1.) In a study made recently, ransomware attacks on educational institutions are estimated to have crossed $3.58 billion in 2021. And the costs that stemmed were accounted as such from the downtime and recovery expenses incurred through cyber attacks.
The file-encrypting malware attack is said to have affected over 1.3 million students at different schools and colleges.
According to the document released by Comparitech, about 67 ransomware variants hit over 954 schools and colleges last year, affecting over 1.3 million students.
School districts became popular targets for cyber attacks, as many of the educational institutions were operating with obsolete hardware and software.
2.) Conti Ransomware gang that was rumored to have shut down its operations in May this year seems to have resumed its operation again. According to a report compiled by the security intelligence firm Group-IB, Conti targeted almost 40 organizations of enormous size between the months of April to June.
Researchers of Group-IB have determined that Conti launched ransomware attacks in the name of the ARMattack hacking campaign that was primarily conducted from the first week of April this year.
As per the analysis by the security firm, Conti gang members worked almost 14-15 hours a day, except on New Year’s eve, and took just 3 days to compromise a corporate network. The group also operated in a legitimate business model by having members dedicated to R&D, accounts, and customer support, and hired a group of 30-40 money laundering gang members to quench their financial needs.
The R&D gang members of Conti were assigned the duty of analyzing windows updates and finding any flaws in the patches and discovering zero-day vulnerabilities that can be exploited later.
Precisely speaking, Conti gangs occupy the second place on the list of most-wanted cyber criminals by FBI, Interpol, Europol, and NCSC.
The only thing is the more the law enforcement is making arrests, the more the Conti gang is getting elongated.
3.) According to a study conducted by Secureworks, two Chinese hacking groups are conducting espionage in disguise of ransomware attacks. Means, that two hacking groups are using malware to obscure their tracks, and block defenders from launching remediation measures, thus making attribution harder.
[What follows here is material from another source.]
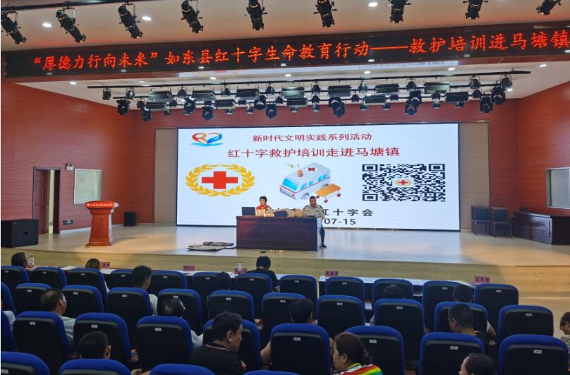 7月14日,如东县红十字会救护师资一行走进马塘镇开展为期2天的“生命教育行动--救护培训”。镇内规上、小微企业负责人和安全管理人员共计370余人参加了培训。

Bronze Riverside aka APT41 and Bronze Starlight aka APT10 are the two hacking groups that are using cobalt strike as a decoy to deploy ransomware strains such as AtomSilo, LockFile, Rook, Night Sky, and Pandora.
Currently, the targets are only companies operating in Japan and North America. But researchers predict that their focus could change towards the UK, Canada, and Australia.
4.) Fourth is the news that belongs to a Japanese firm called Nichirin Flex USA. A ransomware gang targeted the company that manufactures hoses for car makers on June 14th of this year.
Since then, the company has been witnessing a delay in tracking and processing orders and distributing them to neighboring nations and overseas.
Nichirin wants employees and clients to be extra vigilant against phishing emails as one or two such emails have reportedly compromised its email network. It has also assured that it will not bow down to the ransom demands of hackers and will instead rely on a data recovery plan.